Deutschland – Russland
„Wandel durch Handel“ ist passé. Das deutsche Exportmodell wird sich grundlegend anpassen. Der 24.2.22 hat auch dem letzten Putin-Versteher verdeutlicht, dass Demokratie und Freiheit einen Preis haben. Die Versicherungsprämie wird in deutlich diversifizierteren → Lieferketten und Absatzmärkten bestehen.
Deutschland – China
Die deutsche Wirtschaft bewertet das China-Geschäft neu. Was für Russland im Kleinen gilt, betrifft China im Großen: Die Zeit der Naivität ist vorbei.
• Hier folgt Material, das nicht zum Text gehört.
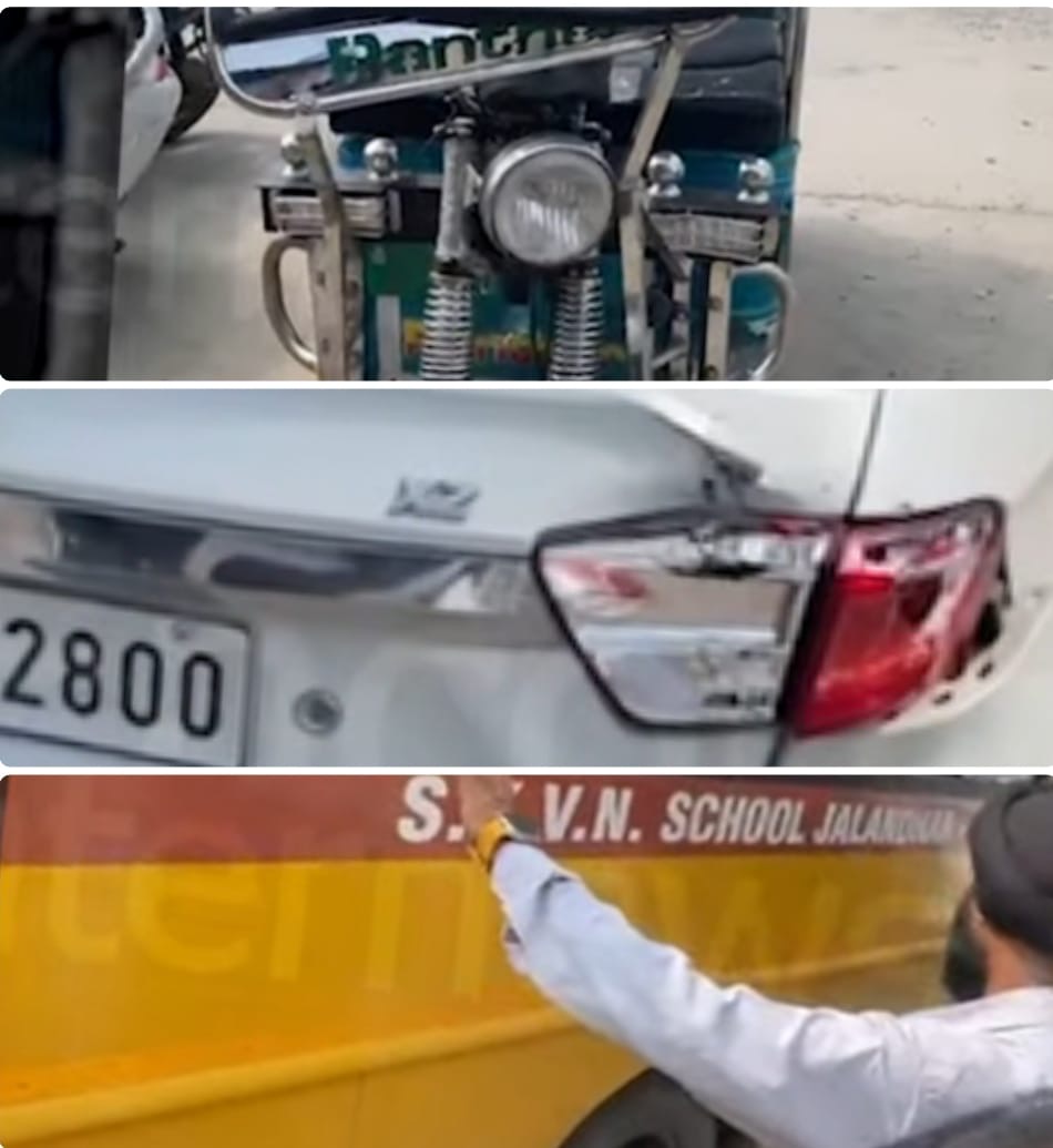 ਜਲੰਧਰ : ਜੇ ਐਸ ਸੰਧੂ ਤੇ ਕੰਵਲਜੀਤ ਸਿੰਘ ਮੱਕੜ – ਜਲੰਧਰ ਦੇ ਪਠਾਨਕੋਟ ਚੌਕ ਨੇੜੇ ਅੱਜ ਸਵੇਰੇ ਇੱਕ ਵੱਡਾ ਹਾਦਸਾ ਹੋਣ ਤੋਂ ਬਚ ਗਿਆ। S.K.V.N ਸਕੂਲ ਬੱਸ, ਜਿਸ ਵਿੱਚ ਦਰਜਨਾਂ ਨੰਨੇ–ਮੁੰਨੇ ਬੱਚੇ ਸਵਾਰ ਸਨ, ਨੇ ਲਾਪਰਵਾਹੀ ਨਾਲ ਦੋ ਵਾਹਨਾਂ ਨੂੰ ਟੱਕਰ ਮਾਰ ਦਿੱਤੀ। ਇਸ ਹਾਦਸੇ ਕਾਰਨ ਈ-ਰਿਕਸ਼ਾ ਚਾਲਕ ਦੇ ਸਿਰ ‘ਤੇ ਗੰਭੀਰ ਚੋਟਾਂ ਆਈਆਂ ਹਨ। ਸਥਾਨਕ ਲੋਕਾਂ ਦੀ ਮਦਦ ਨਾਲ ਜ਼ਖ਼ਮੀ ਨੂੰ ਤੁਰੰਤ ਕਪੂਰ ਹਸਪਤਾਲ ਵਿੱਚ ਦਾਖ਼ਲ ਕਰਵਾਇਆ ਗਿਆ।

Deutsche Unternehmen werden sich zügig um zusätzliche Beschaffungs- und Absatzmärkte kümmern, um die teilweise enorme Abhängigkeit von Xi Jinping zu verringern.
Europäische Integration
Die EU bleibt Mittelmaß. Im Zeichen äußerer Bedrohung stehen die EU-Mitglieder zwar erfreulich geschlossen zusammen. Für den Aufbau einer europäischen Verteidigungsgemeinschaft wird der Elan aber nicht reichen. Sobald der gemeinsame Gegner entfällt, brechen die nationalen Egoismen wieder auf.
Lebenslügen
Lebenslügen werden offensichtlicher. Vor allem Deutschland war bis zum 24.2.22 Meister des Selbstbetrugs. Demokratie, Frieden und Freiheit? Super, solange sich allein die USA um die militärische Abschreckung kümmern. Ökologie? Unbedingt, aber nur mit Maximalkonsum für alle. Nun sind wir hellwach. Ob sich die EU eines Tages selbst verteidigen kann? Ob Russland EU- und NATO-Mitglied wird?